Randy Brubaker, the Register’s current managing editor, says the fact that Kauffman’s series could build on a paper trail that McGraw and Engel left helped give his stories the impact that their piece lacked. “We all write things that expose potential injustices,” Brubaker says, “but when news disappears from the front page, the urge for officials to act disappears.”
The Register deserves a LAUREL for hammering a forgotten story until the government finally did its job, but Brubaker’s statement underscores a significant problem in journalism. The fact that the tragedy of Atalissa was allowed to continue for thirty years after it was exposed is an indictment not just of government regulators but also of the media’s propensity to move relentlessly on to the next story, to fire a single bullet at massive, complex problems and consider the job done. This tendency is exacerbated in an era of shrinking newsroom resources and ambitions that erode an outlet’s institutional memory and make it even less likely that reporters will have the time and mandate to tackle these kinds of stories in the first place, let alone stick with them once they have. For that we bestow a DART, not to the Register but to the kind of ephemeral thinking and processes that infect newsrooms nationwide. We hope that this tale from Iowa—both cautionary and inspirational—prompts a thorough scouring of newspaper morgues everywhere. There are bound to be other Atalissas.

Nice story, Alexandra. And thanks for giving Clark Kauffman a well-deserved laurel. His career is dotted with great work like this.
While your point about follow-up is well-taken, is it fair to lay this at the feet of a newsroom where very few folks likely remain from 30 years ago? I'd have to do some checking, but I suspect Randy Brubaker was in high school in 1979.
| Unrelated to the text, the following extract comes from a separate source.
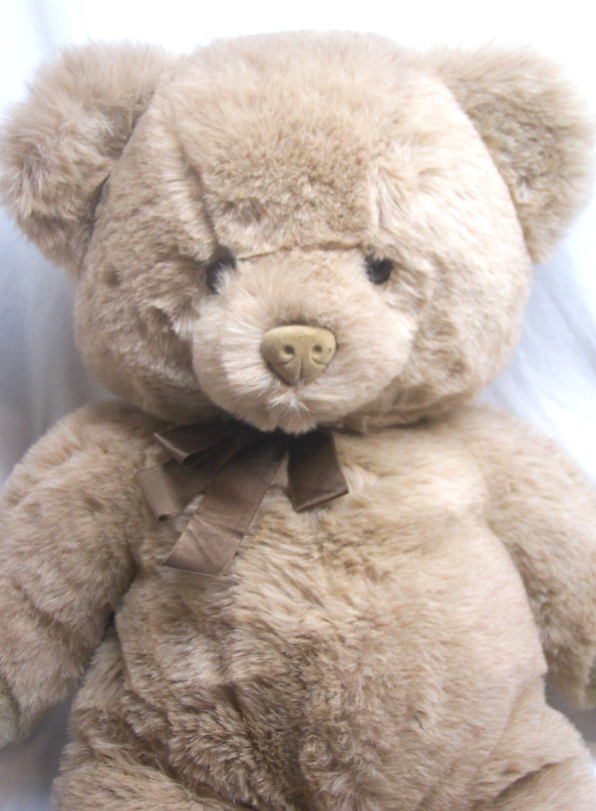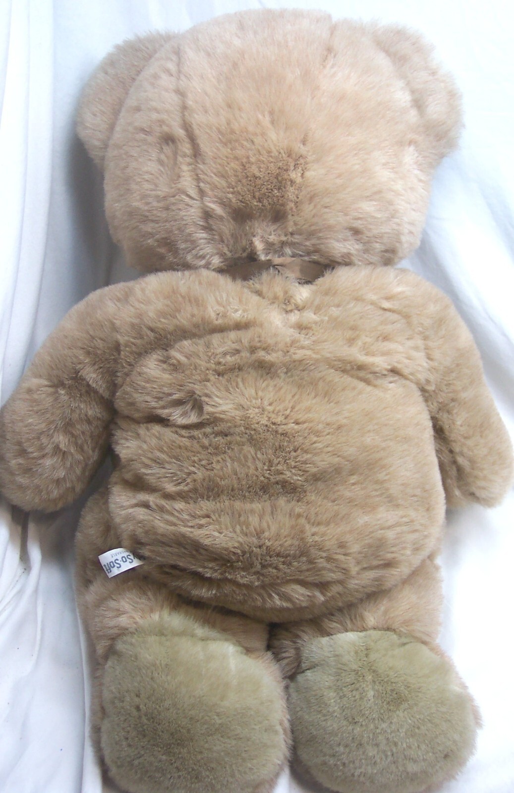 This is a VINTAGE LARGE Caress Soft Pets TAN "TEDDY SO SOFT" BEAR Plush Stuffed Animal Toy. Made by RUSS. It is 28 inches tall in standing position. It is in great condition. It is SO SOFT! It is CLEAN. There are No Stains, Tears or Defects. Combine auctions to save on shipping. Please contact me if you need to make other payment arrangements. EAG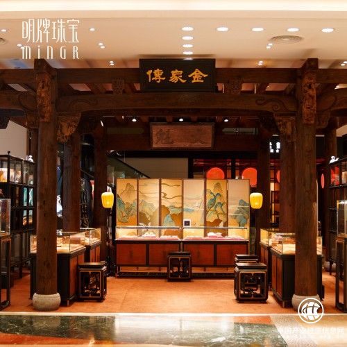 在傳承中華傳統(tǒng)文化,展現(xiàn)中國傳統(tǒng)工藝之美方面,“傳家金”一直都在致力于探索東方的審美意趣。不僅僅是金飾,就連巡展的門店布置都是選用有著東方特色的古建筑。截至目前,明牌珠寶“傳家金”線下店鋪遍布北京、武漢、南京、杭州、西安、沈陽等城市的核心商業(yè)中心,已經(jīng)基本形成在中國一線城市商業(yè)中心完整的線下銷售網(wǎng)絡(luò)。當你走進“傳家金”門店時,首先吸引你的必定是那精致的木雕工藝。“傳家金·天官賜?!辈捎昧嗣髑鍟r期民間木雕中常見的吉祥題材,用生動的福壽神祇形象,表達降福于民的希冀;“傳家金·獅事如意”以古木為底,在牛腿處雕刻一對祥瑞之獅,“獅”諧音“事”,寓意事事如意;“傳家金·花開富貴”以傳奇的鏤雕典范著稱,采用中國傳統(tǒng)繪畫中的鳥瞰式透視為構(gòu)圖特點,在梁托、斗拱、雀替、牛腿處精雕細琢,寓意對美滿幸福、富麗繁華生活的向往;“傳家金·攜子上朝”取自唐朝開國大將郭子儀帶子上朝的歷史典故,寓意“大富貴亦壽考”。

How about we inquire as to who was the editor, managing editor or state editor of the Register in 1979 and point the finger at them, shall we?
(Full disclosure: I was graphics editor of the Register from 1999 to 2003.)
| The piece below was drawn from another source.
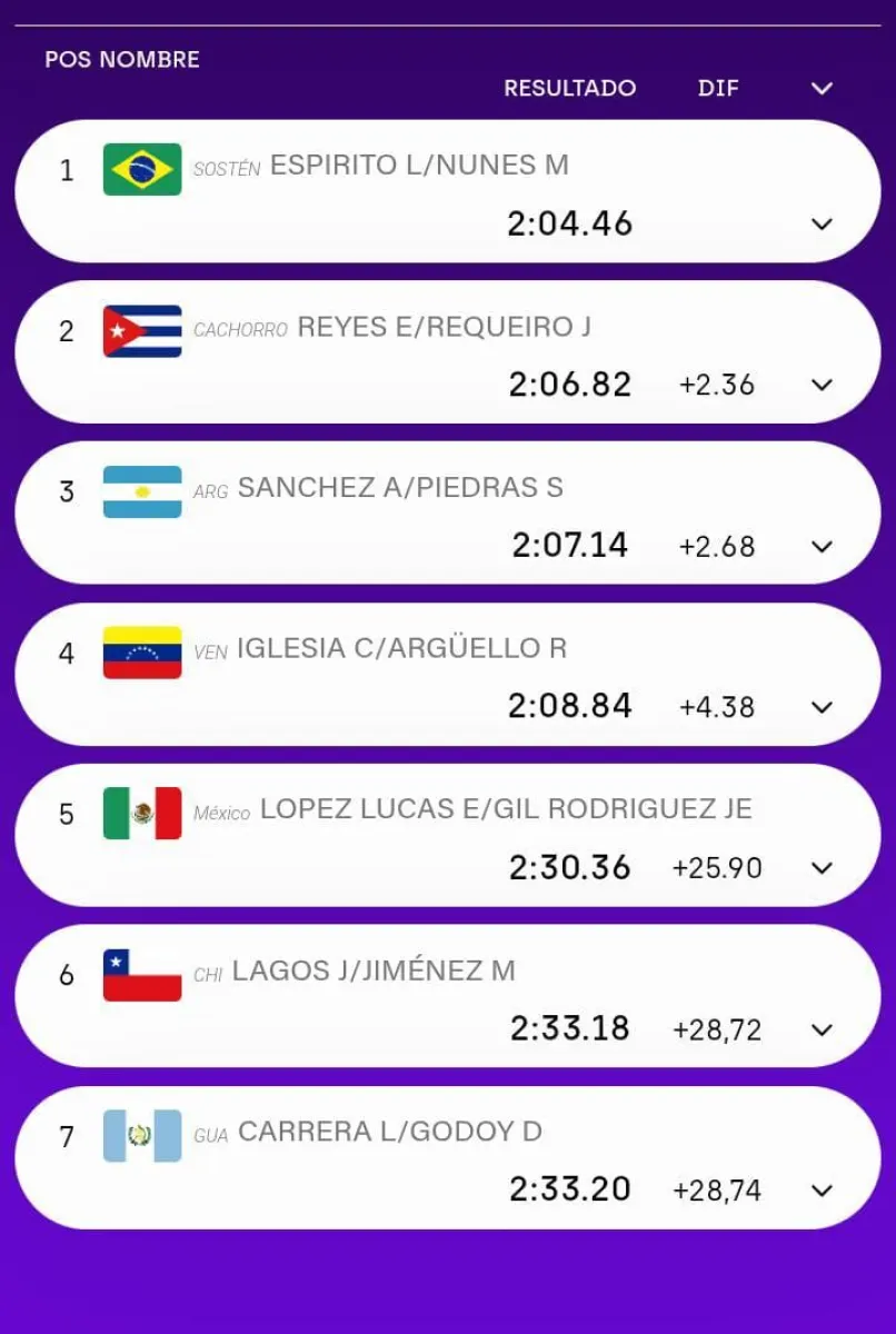 La dupla brasileña de Mateus Nunes y Espirito fue la ganadora con 2:04.46, los cubanos Reyes y Requeiro ganaron la plateaa con 2:06.82 y mientras que Aramís y su compañero hicieron un tiempo de 2:07.14.

#1 Posted by Charles Apple, CJR on Thu 25 Mar 2010 at 11:50 AM
Does anyone know what's happened to the mentally disabled workers? They're at the heart of this injustice, but I'm not seeing where they're in any better shape now.
#2 Posted by Bill G., CJR on Fri 26 Mar 2010 at 10:44 AM
30 years of exploiting people, and the fine was $900,000? I suspect they made a lot more off of this deal. If they actually want to prevent such exploitation, they need to have real fines, and jail sentences for the people who breached their duty to protect these men from exploitation.